Damnificados en Yaviza

La opinión de…


Emmanuel García

El pasado 7 de diciembre fue una fecha que marcó a los residentes en Yaviza para siempre y, también, al resto del país.    Nuestro amigo el río Chucunaque se inscribió en el CD y le entró la locura: desató una furia desconocida sobre el pueblo de Yaviza y arrasó con todo a su embravecido paso. Más de 7 mil 400 damnificados, gente pobre, pero alegre y trabajadora, perdió lo poco que tenían, salvando de a milagro sus alegres vidas, hoy también arrasadas por las corrientes, dejando a su paso un pueblo entristecido.

En un recorrido por los albergues, bien organizados,  por cierto,  por el Sistema Nacional de Protección Civil, que atienden a más de 3 mil 200 desplazados por las aguas contaminadas del otrora apacible y generoso río, encontré anécdotas de grandeza y de tristeza que comparto hoy.

El Gobierno, las organizaciones no gubernamentales, los funcionarios públicos mal remunerados,  los voluntarios de Metetí, Santa Fe y de varias comunidades alrededor trabajan horas agotadoras, mitigando el sufrimiento de sus comprovincianos.

A estos se le suman las comunidades que en sus escuelas hospedan a los damnificados y, sin pensarlo dos veces, de lo poco que tienen, comparten con sus vecinos adoloridos: van al monte a cortar plátanos, cosechan de sus tierras verduras: ñame, yuca, otoe, sacrifican sus vacas para aliviar un poco el dolor de sus hermanos.    Sus mujeres cocinan, sus hombres buscan la leña para el fogón, los niños cargan el agua.   Las iglesias apoyan con ropa, comida, entretenimiento y hasta con payasos encantadores. De su pobreza sacan riquezas.

En una gira de supervisión encontré en el albergue de la Fundación Pro niños del Darién, organizado para atender aquellos casos más sufridos –los discapacitados y embarazadas de riesgo–, a una señora de 76 años que atiende a su esposo de 72 años, orgullosos padres de dos hijos y abuelos de siete nietos, todos damnificados.

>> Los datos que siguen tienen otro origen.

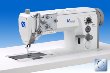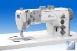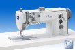 Single needle lockstitch flat bed machine with bottom feed, needle feed and alternating feet, electromagnetic thread trimmer, electropneumatic seam backtacking and sewing foot lift, DLC coated needle bar, walking foot bar and presser foot bar (DLC = diamond like carbon)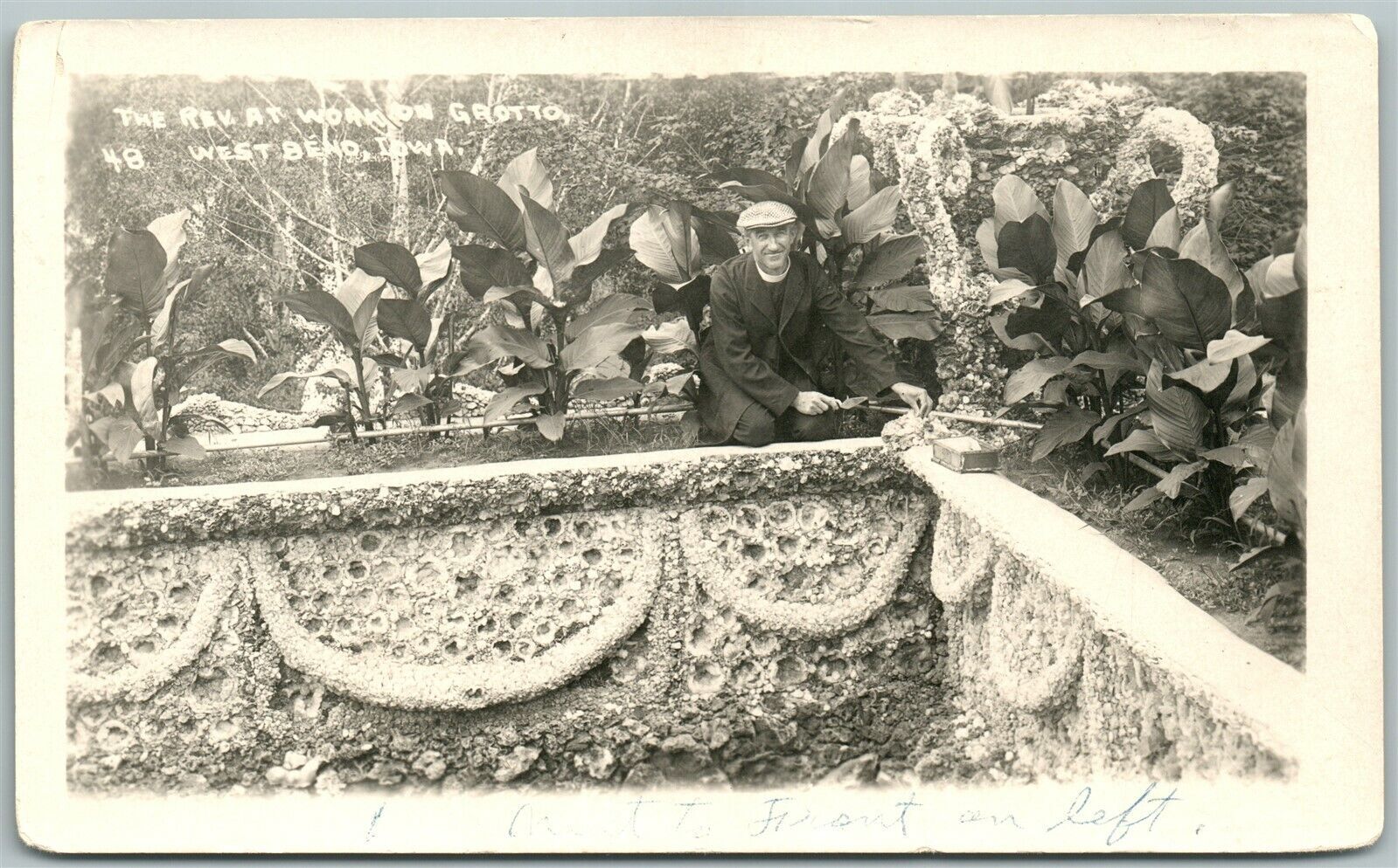 WEST BEND IA THE REV. AT WORK on GROTTO ANTIQUE REAL PHOTO POSTCARD RPPC

Cuando le pregunté cómo se sentía en el albergue, si estaba bien atendida, su respuesta fue un río descontrolado de lágrimas, y solo atinaba a decir: “lo hemos perdido todo”.

Traté de consolarla con palabras de aliento y de repente recordé el maravilloso programa de “100 para los 70”, calculé de inmediato que podría alentarla, recordándole que por lo menos tenía una ayudita segura con el dinerito de los dos que suman 200.

Sus lágrimas aumentaron y me recordaron al Chucunaque desbordado.   Confundido, le pregunté si ellos recibían sus cheques del programa y moviendo su cabeza entristecida me dijo: no.   Llamé de inmediato a la funcionaria del Ministerio de Desarrollo Social que me acompañaba y le solicité que le tomara los datos. La funcionaria le preguntó si era colombiana, la respuesta fue sí. No califica, me dijo. Pregunté cuantos años tenía de vivir en Yaviza. La respuesta: 48 años. Casi fundadores de Yaviza y todavía no son residentes.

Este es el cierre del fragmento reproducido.